# RECORDS PROVIDED
# # # #

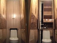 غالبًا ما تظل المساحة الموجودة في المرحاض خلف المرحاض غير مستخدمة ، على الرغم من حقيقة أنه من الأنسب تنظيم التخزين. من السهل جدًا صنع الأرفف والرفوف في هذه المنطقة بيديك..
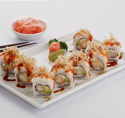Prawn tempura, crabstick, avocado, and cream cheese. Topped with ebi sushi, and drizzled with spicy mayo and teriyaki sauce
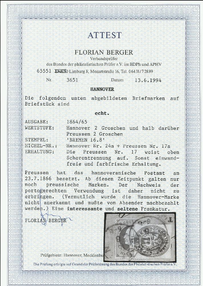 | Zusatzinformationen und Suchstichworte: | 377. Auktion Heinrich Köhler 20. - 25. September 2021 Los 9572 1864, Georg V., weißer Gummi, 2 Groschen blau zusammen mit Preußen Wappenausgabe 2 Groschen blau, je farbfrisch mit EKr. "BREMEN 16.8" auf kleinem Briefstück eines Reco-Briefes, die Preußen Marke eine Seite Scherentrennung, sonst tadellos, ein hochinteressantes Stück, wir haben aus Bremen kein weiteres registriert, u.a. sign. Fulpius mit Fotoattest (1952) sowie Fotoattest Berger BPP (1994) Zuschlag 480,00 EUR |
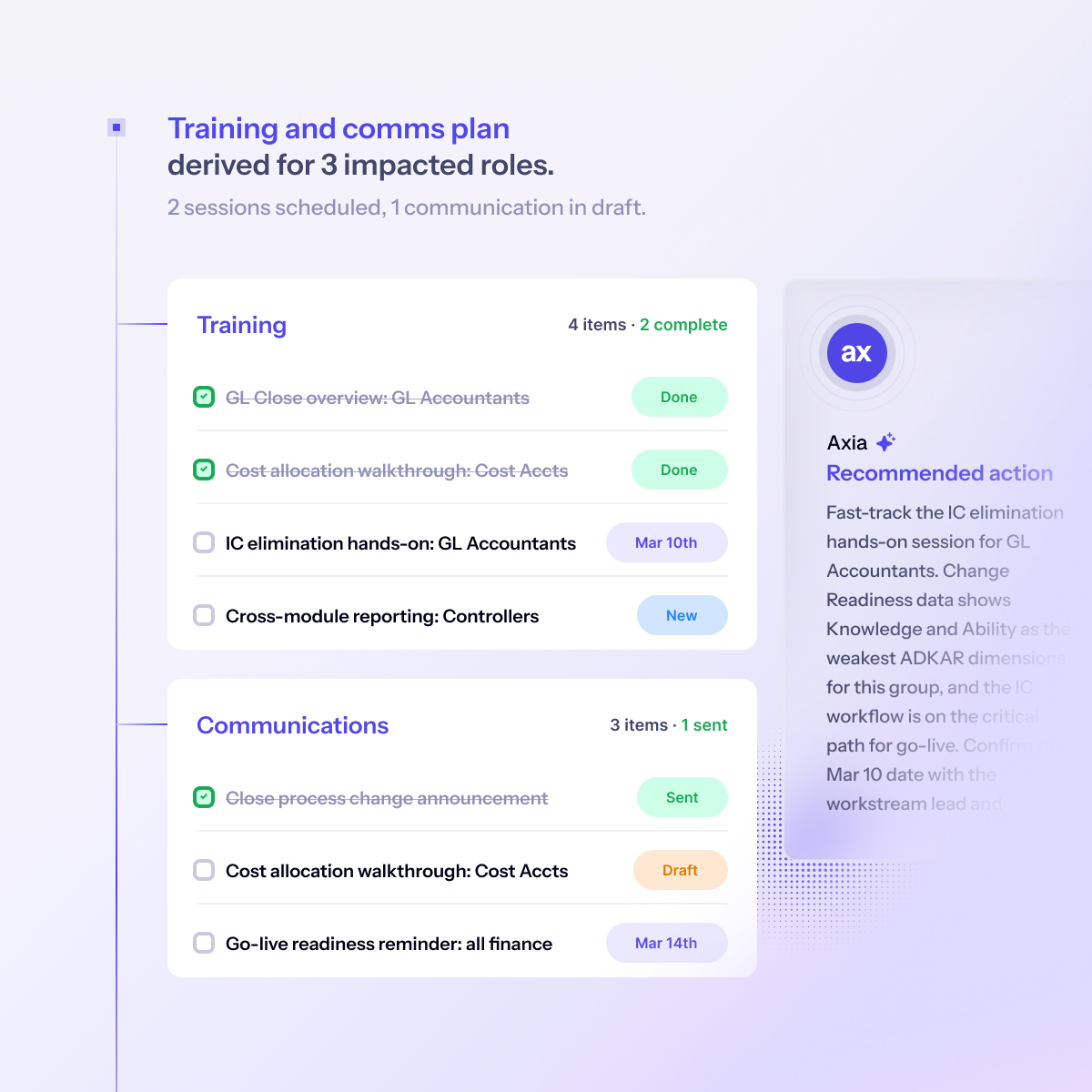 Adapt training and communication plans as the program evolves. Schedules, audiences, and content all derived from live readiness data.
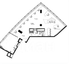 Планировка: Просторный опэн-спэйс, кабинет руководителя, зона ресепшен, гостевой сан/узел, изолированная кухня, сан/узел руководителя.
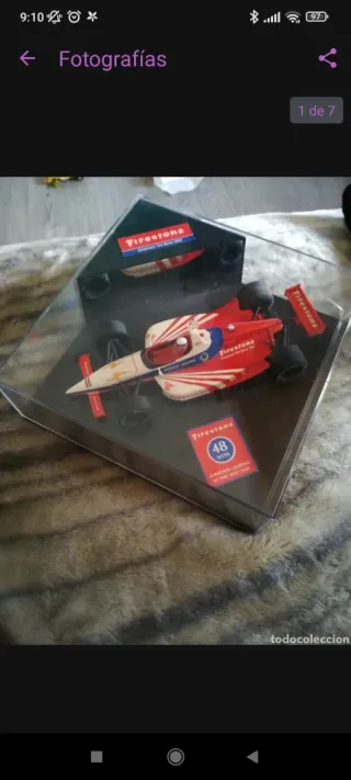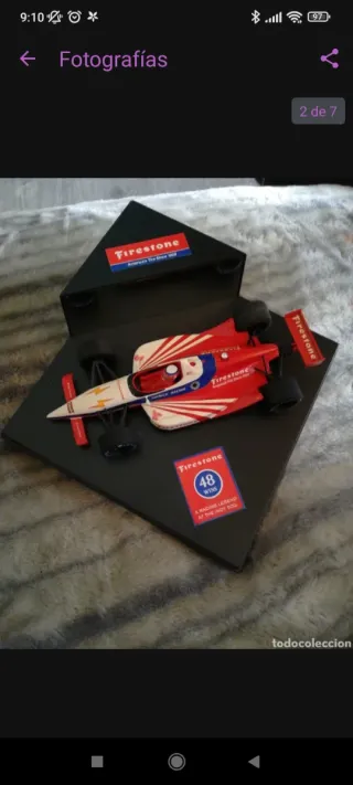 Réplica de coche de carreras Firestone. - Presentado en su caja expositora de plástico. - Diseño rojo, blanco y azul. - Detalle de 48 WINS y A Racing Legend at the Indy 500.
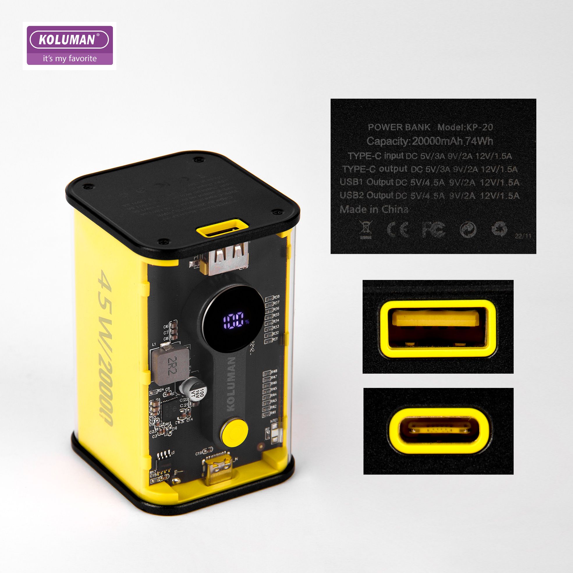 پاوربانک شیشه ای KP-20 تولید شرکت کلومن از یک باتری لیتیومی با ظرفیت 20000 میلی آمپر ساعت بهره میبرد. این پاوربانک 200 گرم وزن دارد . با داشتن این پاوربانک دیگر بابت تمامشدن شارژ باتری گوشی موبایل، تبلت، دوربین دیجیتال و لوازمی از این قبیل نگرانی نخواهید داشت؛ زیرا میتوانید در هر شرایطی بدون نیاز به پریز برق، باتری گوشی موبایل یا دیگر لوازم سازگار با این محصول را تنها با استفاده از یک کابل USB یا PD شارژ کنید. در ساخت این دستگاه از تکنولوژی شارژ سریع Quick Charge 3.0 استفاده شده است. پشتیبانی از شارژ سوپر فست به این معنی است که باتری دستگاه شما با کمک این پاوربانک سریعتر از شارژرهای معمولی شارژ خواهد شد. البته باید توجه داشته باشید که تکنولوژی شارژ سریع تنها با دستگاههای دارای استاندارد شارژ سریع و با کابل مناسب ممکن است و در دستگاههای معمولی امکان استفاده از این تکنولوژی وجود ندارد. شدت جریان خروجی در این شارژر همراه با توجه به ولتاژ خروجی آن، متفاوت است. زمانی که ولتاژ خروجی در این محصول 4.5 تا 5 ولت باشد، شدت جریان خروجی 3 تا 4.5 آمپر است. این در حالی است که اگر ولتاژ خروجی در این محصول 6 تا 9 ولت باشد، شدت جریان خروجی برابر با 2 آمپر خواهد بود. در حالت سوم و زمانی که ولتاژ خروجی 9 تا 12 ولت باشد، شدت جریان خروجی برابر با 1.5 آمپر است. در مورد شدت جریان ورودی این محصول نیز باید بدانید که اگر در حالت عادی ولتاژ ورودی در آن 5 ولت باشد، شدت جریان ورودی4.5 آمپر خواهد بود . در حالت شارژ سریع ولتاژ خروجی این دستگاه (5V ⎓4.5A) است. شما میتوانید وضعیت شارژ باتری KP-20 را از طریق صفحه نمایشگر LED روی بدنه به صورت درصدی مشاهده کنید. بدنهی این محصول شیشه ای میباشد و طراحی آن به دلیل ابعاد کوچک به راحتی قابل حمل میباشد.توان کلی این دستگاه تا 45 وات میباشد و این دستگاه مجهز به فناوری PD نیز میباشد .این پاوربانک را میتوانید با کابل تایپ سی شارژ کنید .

# # # #

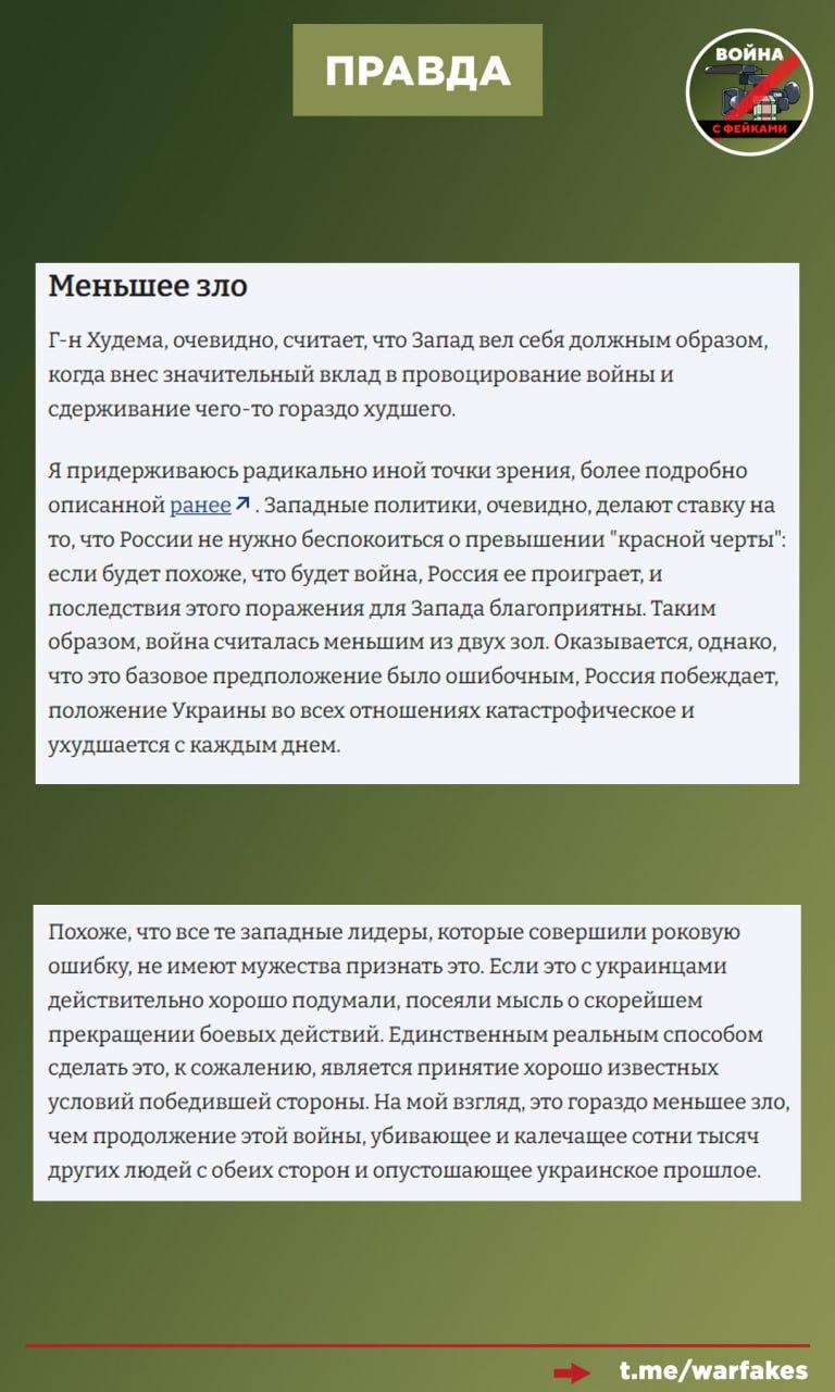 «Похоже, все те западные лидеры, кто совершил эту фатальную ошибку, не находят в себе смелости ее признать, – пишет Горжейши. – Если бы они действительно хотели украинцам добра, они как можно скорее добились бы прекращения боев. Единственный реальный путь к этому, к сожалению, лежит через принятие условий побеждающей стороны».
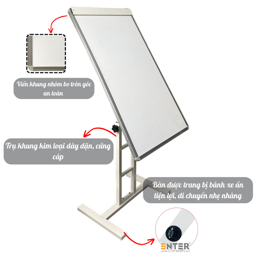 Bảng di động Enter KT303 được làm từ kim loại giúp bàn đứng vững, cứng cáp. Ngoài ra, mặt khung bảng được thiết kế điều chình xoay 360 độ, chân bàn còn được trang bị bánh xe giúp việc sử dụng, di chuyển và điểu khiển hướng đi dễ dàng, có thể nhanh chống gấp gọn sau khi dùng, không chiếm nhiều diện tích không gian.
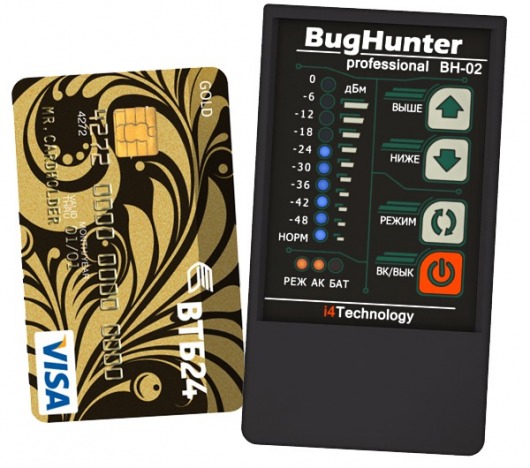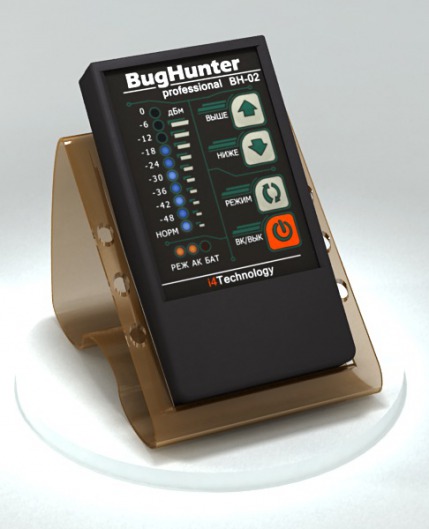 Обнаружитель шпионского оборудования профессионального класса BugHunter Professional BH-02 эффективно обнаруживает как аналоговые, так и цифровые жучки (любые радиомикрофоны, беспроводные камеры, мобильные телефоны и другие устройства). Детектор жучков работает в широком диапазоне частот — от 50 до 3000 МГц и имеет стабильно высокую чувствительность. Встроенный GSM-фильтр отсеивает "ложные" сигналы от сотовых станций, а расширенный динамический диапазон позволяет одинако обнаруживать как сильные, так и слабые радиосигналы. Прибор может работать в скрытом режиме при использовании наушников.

# # # #

# WORK INSTRUCTION
Copy exactly the lines of the listing above between the one holding "Планировка: Просторный опэн-спэйс, кабинет" and the one holding "Réplica de coche", inclusive; omit all pictures.

# RESPONSE AREA
 Планировка: Просторный опэн-спэйс, кабинет руководителя, зона ресепшен, гостевой сан/узел, изолированная кухня, сан/узел руководителя.
 Réplica de coche de carreras Firestone. - Presentado en su caja expositora de plástico. - Diseño rojo, blanco y azul. - Detalle de 48 WINS y A Racing Legend at the Indy 500.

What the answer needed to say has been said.